Authors: Lincoln Child Douglas Preston
Tags: #Trhiller, Biotecnología, Guerra biológica
Llegó al borde de una vasta corriente de lava, compuesta por desiguales cascajos negros amontonados sobre el suelo del desierto, cubiertos por ocotillos en flor. Carson sabía que eso era parte de la vasta formación de lava conocida como el Malpaís, que cubría cientos de kilómetros cuadrados del desierto de Jornada. Ahora, las montañas del oeste se hallaban más cerca y observó que, igual que Monte Dragón, se trataba de una cadena de apagados conos de cenizas.
Cabalgó a lo largo del borde de la lava, zigzagueando, siguiendo el contorno irregular de la corriente. La lava se había extendido sobre el desierto como una ameba, dejando un complicado laberinto de ensenadas, islas y cuevas.
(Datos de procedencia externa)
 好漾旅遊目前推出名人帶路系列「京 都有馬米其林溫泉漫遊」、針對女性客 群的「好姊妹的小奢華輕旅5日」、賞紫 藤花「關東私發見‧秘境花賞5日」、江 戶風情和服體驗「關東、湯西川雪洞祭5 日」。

Mientras cabalgaba, una tormenta de verano empezó a formarse rápidamente sobre las montañas. Una gran cabeza tormentosa empezó a elevarse, con la parte inferior plana y oscura como un yunque. Olisqueó un cambio en el aire, un frescor en la brisa, que traía consigo el olor del ozono. La nube, que se extendía con rapidez, cubrió el sol, y una penumbra, como de catedral, descendió sobre el paisaje. Al cabo de pocos minutos, la nube empezó a descargar una columna de lluvia del color del acero azulado. Carson espoleó a
Roscoe
para que se pusiera al trote, sin dejar de observar los bordes de la corriente de lava, imaginando que podría capear la tormenta en una de las cuevas que habitualmente se encontraban en toda corriente de lava.
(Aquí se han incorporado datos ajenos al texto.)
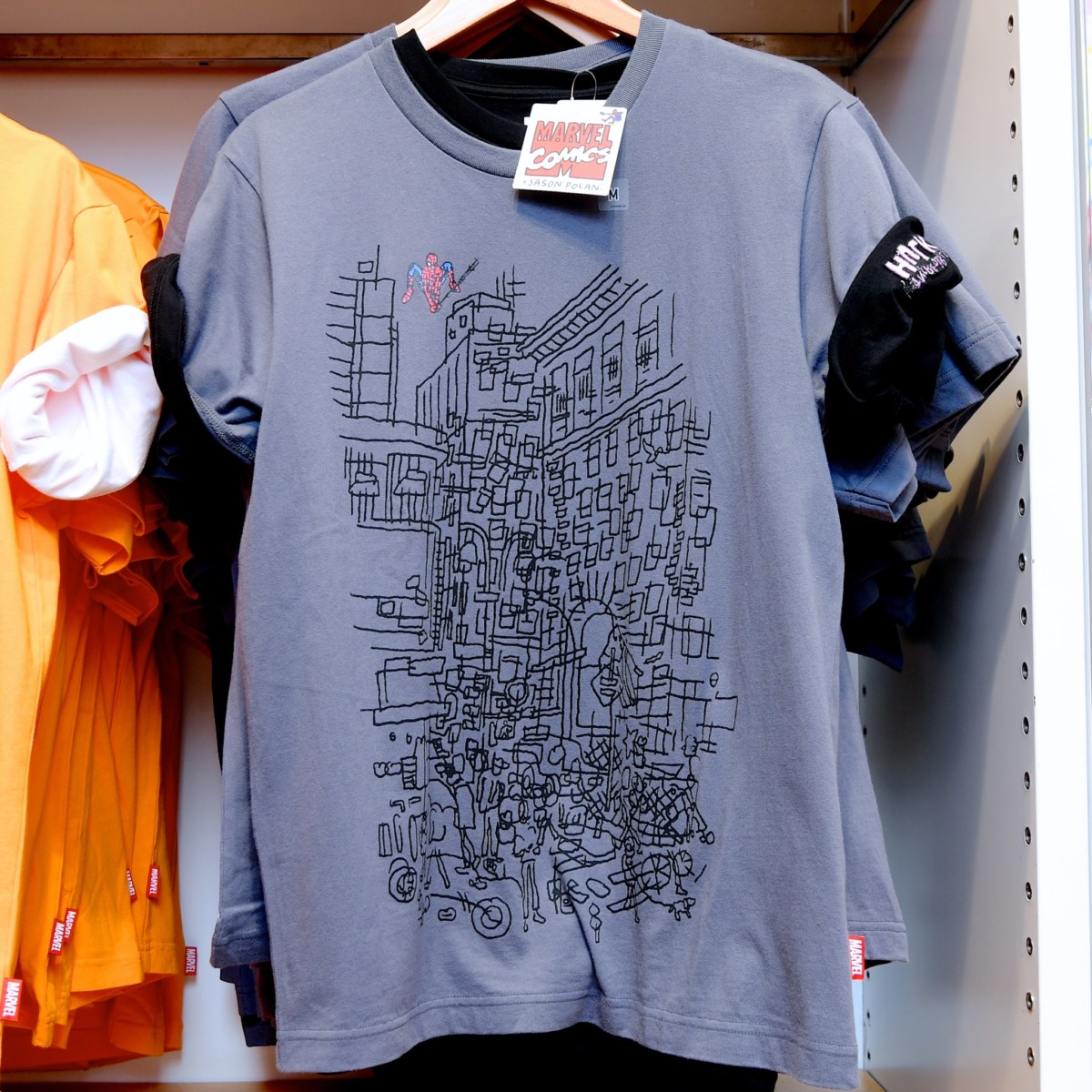 ニューヨークの人気アーティスト、ジェイソン・ポランが描く世界がデザインされたUTだけのマーベルデザインです☆

La columna de lluvia se espesó, y el viento empezó a empujar madejas de polvo a lo largo del suelo. Un rayo parpadeó en el interior de la nube, y el retumbar del trueno reverberó a través del desierto como el sonido de una batalla lejana. A medida que se acercaba la tormenta, un bajo gemido pareció llenar el aire y el olor de la arena húmeda y la electricidad se hizo más intenso.
Carson rodeó una península de lava y distinguió una cueva de aspecto prometedor entre los montones de basalto retorcido. Desmontó, cogió las alforjas y dejó a
Roscoe
atado a una roca. Luego ascendió por la lava, en dirección a la entrada de la cueva.
La boca estaba oscura y fría, con un suelo cubierto de arena arrastrada por el viento. Entró justo cuando las primeras y pesadas gotas de lluvia empezaban a golpear el suelo. Desde allí podía ver a
Roscoe
, que había colocado las ancas contra el viento y agachaba la cabeza. La silla se empaparía. Debería haberla traído consigo al interior de la cueva, pero una silla como aquélla no merecía ningún tratamiento especial. Ya la engrasaría cuando regresara.
El desierto se vio repentinamente envuelto en cortinas de lluvia. Las montañas desaparecieron de la vista, y la línea de lava negra se difuminó bajo el torrente gris. Carson se tumbó de espaldas en la penumbra de la cueva. Sus pensamientos se dirigieron, inevitablemente, hacia Monte Dragón. Ni siquiera allí podía escapar de eso. Aquel laboratorio perdido en el desierto todavía le parecía algo irreal. Se torturó una vez más con el pensamiento de que si su empalme genético hubiera tenido éxito, aquella mujer seguiría con vida. En cierto modo, su propia seguridad en sí mismo la había matado. Una parte de él se daba cuenta de que esa línea de pensamiento era irracional, a pesar de lo cual seguía agobiándole una y otra vez. Sabía que había hecho las cosas de la mejor manera posible; la falta de atención de Fillson y Brandon-Smith había sido la verdadera responsable. Aun así, no lograba sacudirse del todo la sensación de culpabilidad.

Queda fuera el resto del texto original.